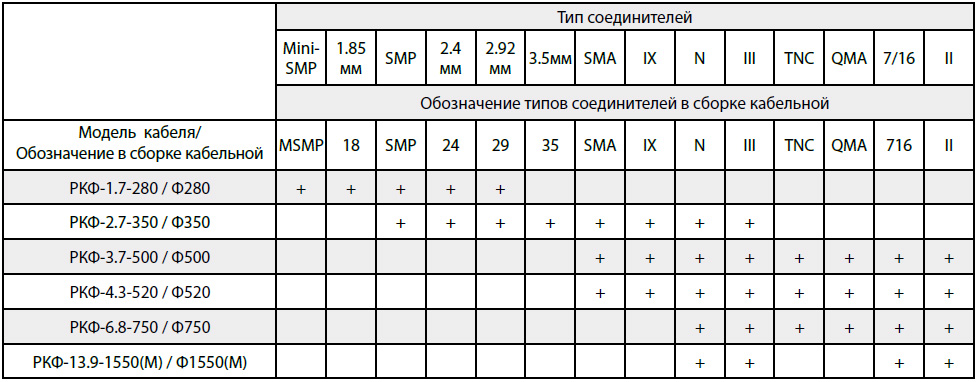 *- В данной таблице представлены основные типы соединителей, применяемых для изготовления СКР на основе коаксиальных кабелей серии РКФ. Если Вам необходимы СКР с типами соединителей, которые не указаны в таблице, просьба связаться с нами по электронной почте или телефону.
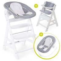 Hauck Hochstuhl Alpha Plus Grey - Newborn Set (Set, 4 St), Holz Babystuhl ab Geburt mit Aufsatz für Neugeborene höhenverstellbar
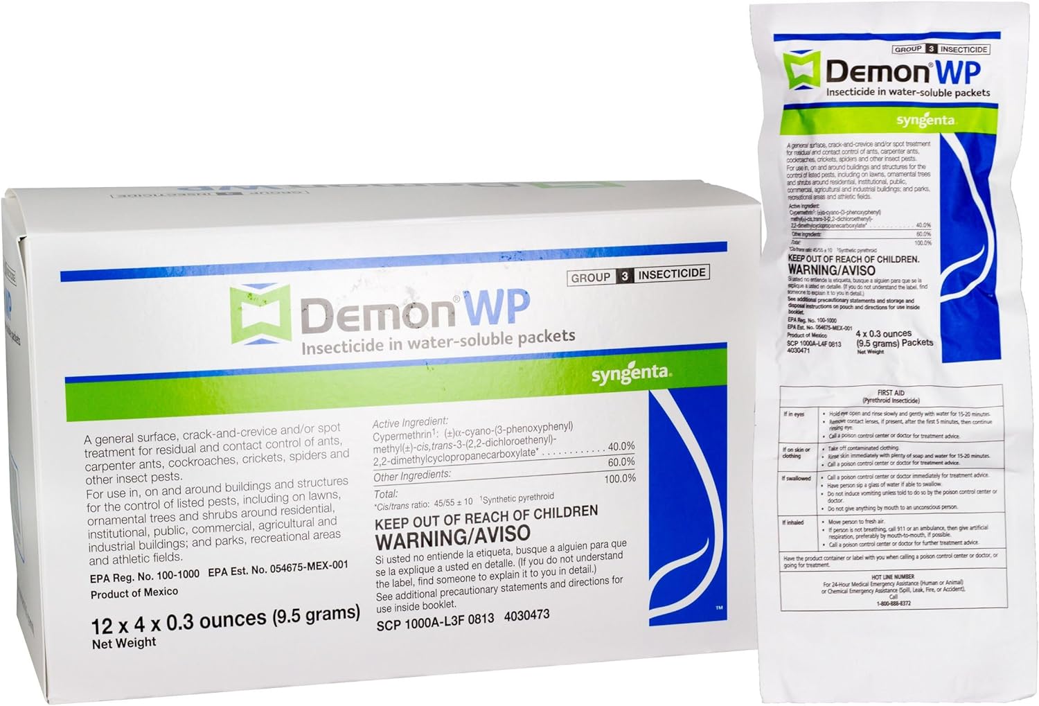 Demon WP Insecticide (1 envelope, 4 water-soluble 9.5g packets, 40% cypermethrin) makes 4 gallons of solution. Ideal for indoor crack-and-crevice and outdoor barrier treatments, it controls ants, roaches, and termites with quick action and lasting residual.

* WORK ITEM
The pictures are to be omitted, and the rest of the listing is to be transcribed exactly.

* YOUR RESPONSE
 *- В данной таблице представлены основные типы соединителей, применяемых для изготовления СКР на основе коаксиальных кабелей серии РКФ. Если Вам необходимы СКР с типами соединителей, которые не указаны в таблице, просьба связаться с нами по электронной почте или телефону.
 Hauck Hochstuhl Alpha Plus Grey - Newborn Set (Set, 4 St), Holz Babystuhl ab Geburt mit Aufsatz für Neugeborene höhenverstellbar
 Demon WP Insecticide (1 envelope, 4 water-soluble 9.5g packets, 40% cypermethrin) makes 4 gallons of solution. Ideal for indoor crack-and-crevice and outdoor barrier treatments, it controls ants, roaches, and termites with quick action and lasting residual.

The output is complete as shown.